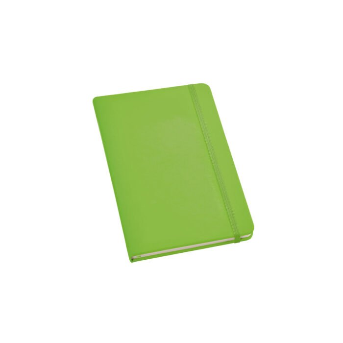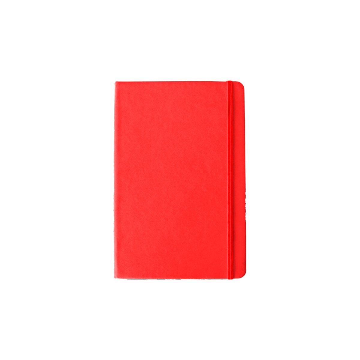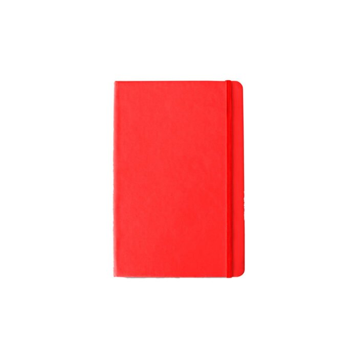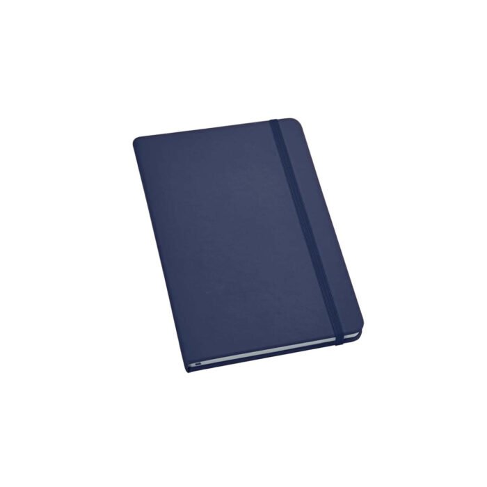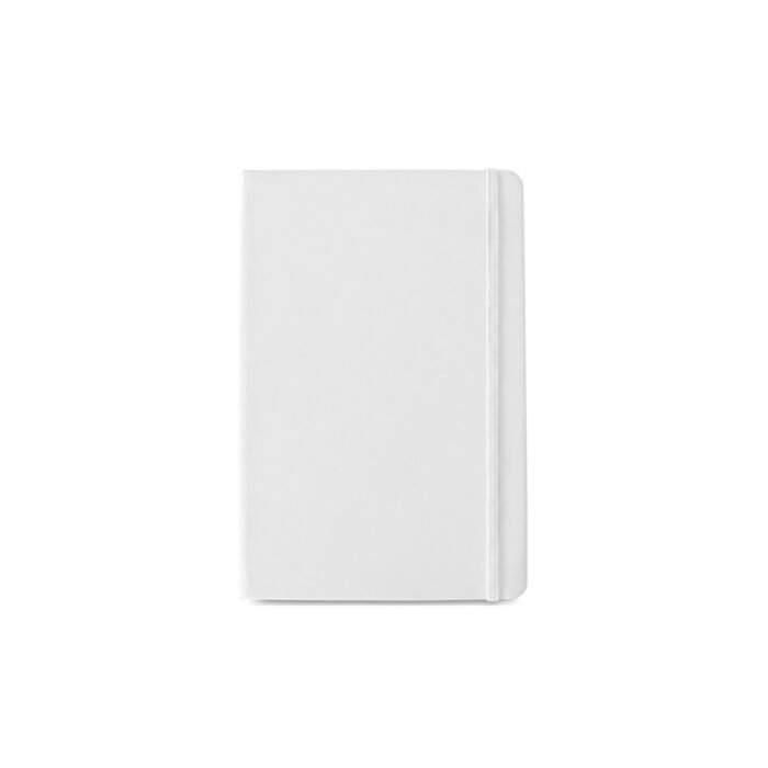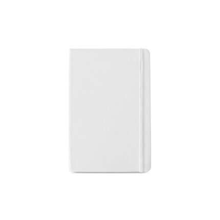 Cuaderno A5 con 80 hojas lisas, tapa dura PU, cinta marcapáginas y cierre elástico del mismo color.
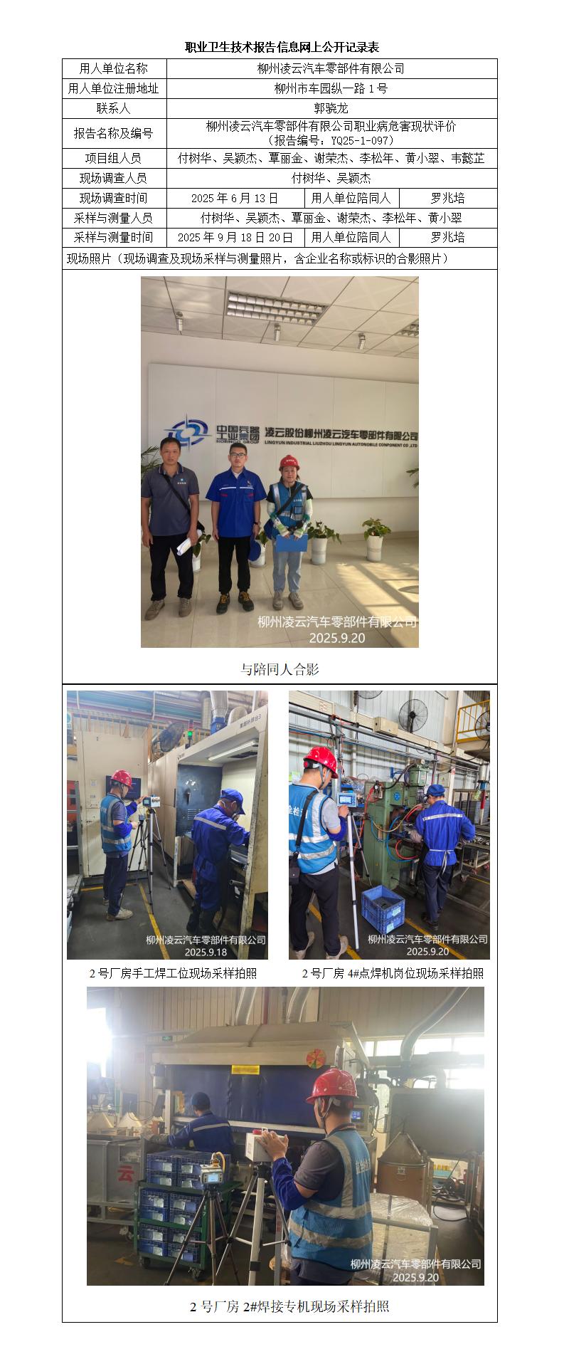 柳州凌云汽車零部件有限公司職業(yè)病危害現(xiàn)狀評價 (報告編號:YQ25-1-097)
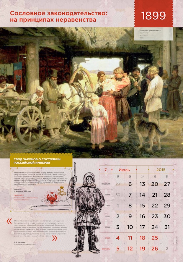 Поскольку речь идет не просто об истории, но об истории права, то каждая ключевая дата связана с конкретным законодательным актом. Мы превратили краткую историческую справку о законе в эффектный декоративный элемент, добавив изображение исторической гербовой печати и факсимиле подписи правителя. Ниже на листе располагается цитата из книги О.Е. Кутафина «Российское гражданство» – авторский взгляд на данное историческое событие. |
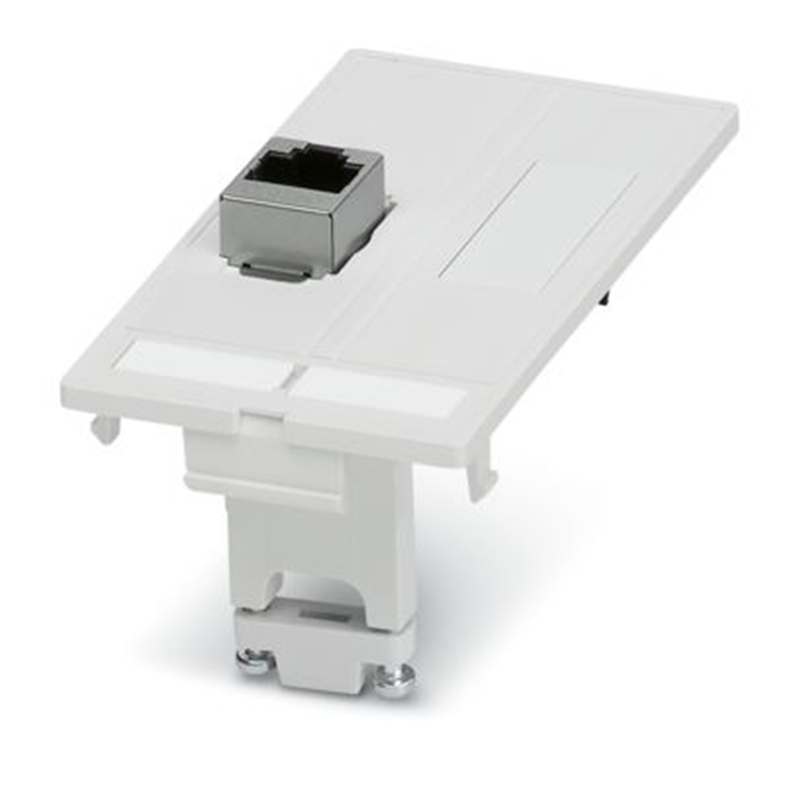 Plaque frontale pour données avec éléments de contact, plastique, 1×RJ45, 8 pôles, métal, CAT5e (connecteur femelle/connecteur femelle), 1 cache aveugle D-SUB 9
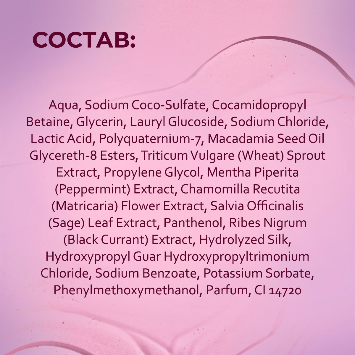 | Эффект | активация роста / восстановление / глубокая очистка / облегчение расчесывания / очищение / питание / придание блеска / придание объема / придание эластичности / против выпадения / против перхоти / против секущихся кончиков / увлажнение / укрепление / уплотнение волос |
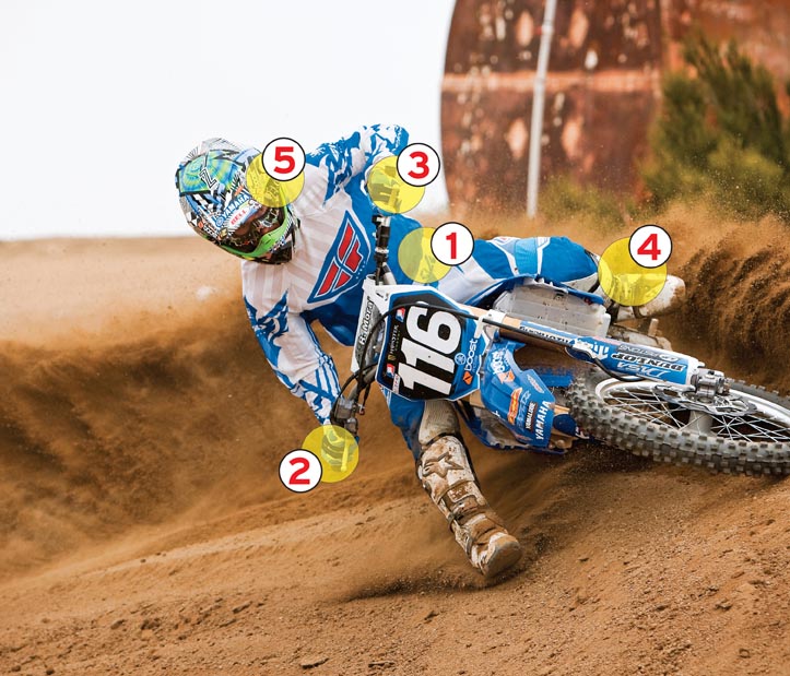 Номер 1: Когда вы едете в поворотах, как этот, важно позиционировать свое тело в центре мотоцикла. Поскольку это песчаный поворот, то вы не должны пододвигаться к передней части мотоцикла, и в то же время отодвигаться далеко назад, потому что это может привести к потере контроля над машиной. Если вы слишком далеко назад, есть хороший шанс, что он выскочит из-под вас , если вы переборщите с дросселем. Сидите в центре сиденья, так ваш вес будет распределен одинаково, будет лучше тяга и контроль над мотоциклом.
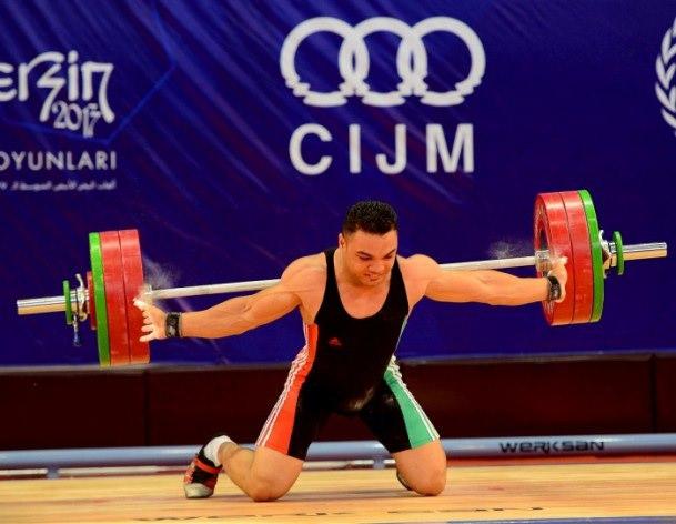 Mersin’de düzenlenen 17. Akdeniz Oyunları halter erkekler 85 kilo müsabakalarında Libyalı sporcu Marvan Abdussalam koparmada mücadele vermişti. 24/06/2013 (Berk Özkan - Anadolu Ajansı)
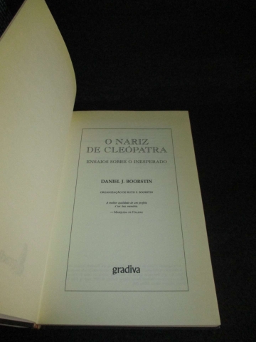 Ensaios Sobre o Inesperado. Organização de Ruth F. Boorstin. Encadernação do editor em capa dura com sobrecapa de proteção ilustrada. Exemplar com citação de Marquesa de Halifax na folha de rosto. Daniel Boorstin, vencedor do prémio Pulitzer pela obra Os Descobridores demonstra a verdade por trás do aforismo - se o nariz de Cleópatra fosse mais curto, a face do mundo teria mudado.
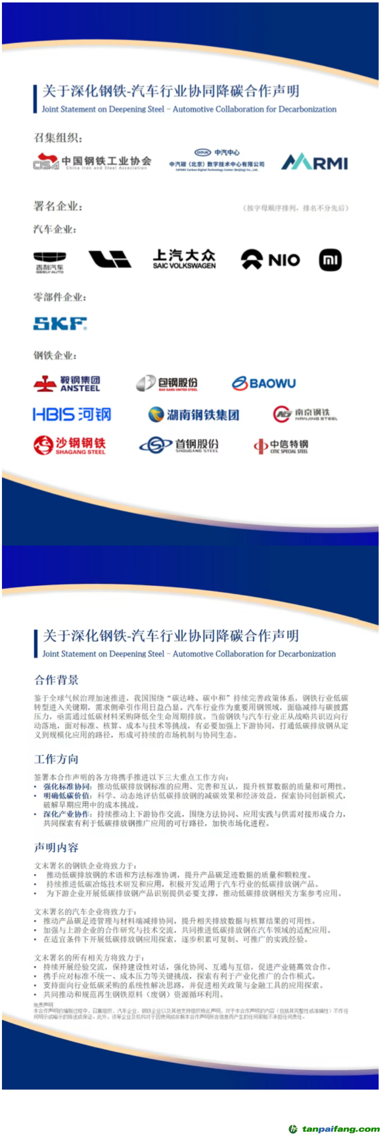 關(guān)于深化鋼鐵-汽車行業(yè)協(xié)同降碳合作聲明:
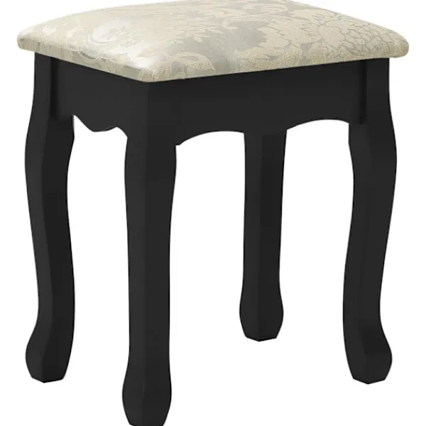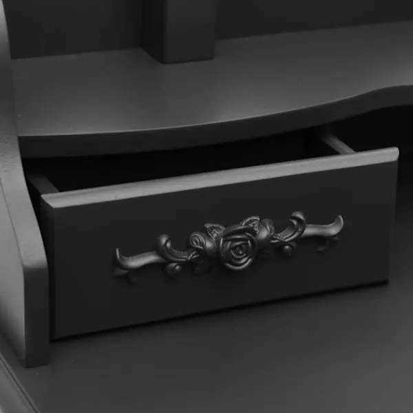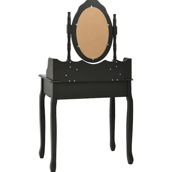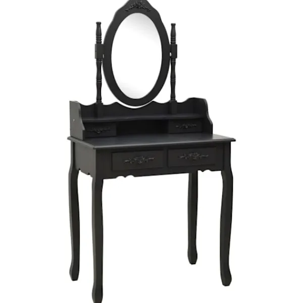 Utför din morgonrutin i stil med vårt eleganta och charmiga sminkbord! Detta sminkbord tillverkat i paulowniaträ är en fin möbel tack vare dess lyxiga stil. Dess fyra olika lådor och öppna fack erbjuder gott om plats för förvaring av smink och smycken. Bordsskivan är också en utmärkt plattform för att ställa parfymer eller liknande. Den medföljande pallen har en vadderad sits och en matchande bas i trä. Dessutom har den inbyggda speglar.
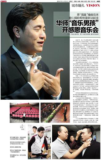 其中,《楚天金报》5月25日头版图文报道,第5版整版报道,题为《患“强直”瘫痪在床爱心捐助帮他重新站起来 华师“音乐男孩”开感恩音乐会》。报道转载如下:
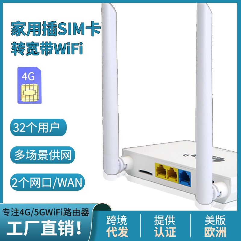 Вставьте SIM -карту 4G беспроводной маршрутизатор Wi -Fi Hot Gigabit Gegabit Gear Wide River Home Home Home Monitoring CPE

-*-

Exercise: Return all of the records above exactly as written. Omit each picture.

Answer space:
 Cuaderno A5 con 80 hojas lisas, tapa dura PU, cinta marcapáginas y cierre elástico del mismo color.
 柳州凌云汽車零部件有限公司職業(yè)病危害現(xiàn)狀評價 (報告編號:YQ25-1-097)
 Поскольку речь идет не просто об истории, но об истории права, то каждая ключевая дата связана с конкретным законодательным актом. Мы превратили краткую историческую справку о законе в эффектный декоративный элемент, добавив изображение исторической гербовой печати и факсимиле подписи правителя. Ниже на листе располагается цитата из книги О.Е. Кутафина «Российское гражданство» – авторский взгляд на данное историческое событие. |
 Plaque frontale pour données avec éléments de contact, plastique, 1×RJ45, 8 pôles, métal, CAT5e (connecteur femelle/connecteur femelle), 1 cache aveugle D-SUB 9
 | Эффект | активация роста / восстановление / глубокая очистка / облегчение расчесывания / очищение / питание / придание блеска / придание объема / придание эластичности / против выпадения / против перхоти / против секущихся кончиков / увлажнение / укрепление / уплотнение волос |
 Номер 1: Когда вы едете в поворотах, как этот, важно позиционировать свое тело в центре мотоцикла. Поскольку это песчаный поворот, то вы не должны пододвигаться к передней части мотоцикла, и в то же время отодвигаться далеко назад, потому что это может привести к потере контроля над машиной. Если вы слишком далеко назад, есть хороший шанс, что он выскочит из-под вас , если вы переборщите с дросселем. Сидите в центре сиденья, так ваш вес будет распределен одинаково, будет лучше тяга и контроль над мотоциклом.
 Mersin’de düzenlenen 17. Akdeniz Oyunları halter erkekler 85 kilo müsabakalarında Libyalı sporcu Marvan Abdussalam koparmada mücadele vermişti. 24/06/2013 (Berk Özkan - Anadolu Ajansı)
 Ensaios Sobre o Inesperado. Organização de Ruth F. Boorstin. Encadernação do editor em capa dura com sobrecapa de proteção ilustrada. Exemplar com citação de Marquesa de Halifax na folha de rosto. Daniel Boorstin, vencedor do prémio Pulitzer pela obra Os Descobridores demonstra a verdade por trás do aforismo - se o nariz de Cleópatra fosse mais curto, a face do mundo teria mudado.
 關(guān)于深化鋼鐵-汽車行業(yè)協(xié)同降碳合作聲明:
 Utför din morgonrutin i stil med vårt eleganta och charmiga sminkbord! Detta sminkbord tillverkat i paulowniaträ är en fin möbel tack vare dess lyxiga stil. Dess fyra olika lådor och öppna fack erbjuder gott om plats för förvaring av smink och smycken. Bordsskivan är också en utmärkt plattform för att ställa parfymer eller liknande. Den medföljande pallen har en vadderad sits och en matchande bas i trä. Dessutom har den inbyggda speglar.
 其中,《楚天金报》5月25日头版图文报道,第5版整版报道,题为《患“强直”瘫痪在床爱心捐助帮他重新站起来 华师“音乐男孩”开感恩音乐会》。报道转载如下:
 Вставьте SIM -карту 4G беспроводной маршрутизатор Wi -Fi Hot Gigabit Gegabit Gear Wide River Home Home Home Monitoring CPE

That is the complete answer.